BPC-157 is the compound where the gap between “took it for two weeks” and “actually decided whether it worked” is widest. Most users are treating a specific tendon, joint, or gut issue, and the honest read on whether it helped requires a baseline rating and a 4–6 week follow-up — not a vague impression. The signal worth capturing is the specific injury or symptom, rated weekly on the same scale, alongside whatever functional test matters (range of motion, pain on load, GI symptoms post-meal). Without that anchor, the compound becomes whatever the most recent good or bad day suggests.

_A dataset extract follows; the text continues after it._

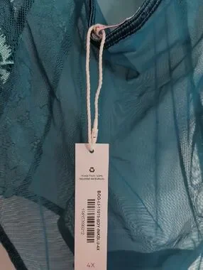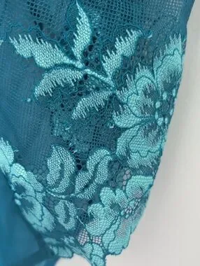 Never been worn! Accidentally ordered 2 🤣Delicate teal lace teddy with a plunging V-neck. Sheer floral lace panels create a feminine, flattering look. Adjustable straps provide a customized fit. Teal color adds elegant, modern appeal. Perfect for special nights or as luxury sleepwear.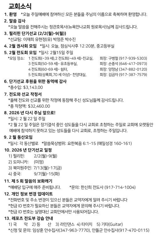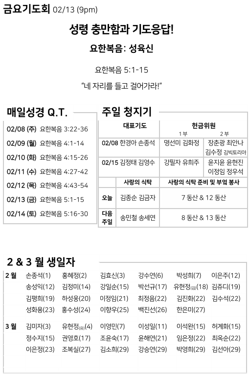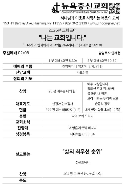 2월 8일 주일예배 주보 Feb 7, 2026 0 Comment Post By:CSKC Share: Prev Next You Might Also Like 21 Feb 2026 0 2월 22일 주일예배 주보 14 Feb 2026 0 2월 15일 주일예배 주보 31 Jan 2026 0 한마음 2월 기도제목

For sensitive-systems users (MCAS, histamine intolerance, UARS, POTS), the higher-priority log is the first 1–2 weeks: any flushing, headache, GI flare, fatigue, or watery-eye reaction in the days after starting. The “initial flare then improvement” pattern reported in this population is real but only visible if you logged it as it happened. A clear written stop criterion before starting is more useful than reconstructing one mid-flare.

Across all users, route choice is editorial. SubQ at 250–500 mcg, oral 500 mcg/day, and sublingual drops are not interchangeable, and the “did this work” answer can be route-specific. Logging route, daily dose, and any concurrent compounds (KPV is the common pairing for sensitive-systems users; TB-500 for orthopaedic) makes the retrospective possible. Vial life and reconstitution dates matter because reconstituted BPC-157 should be used within ~30 days refrigerated.

For personal tracking and informational purposes only — not medical advice.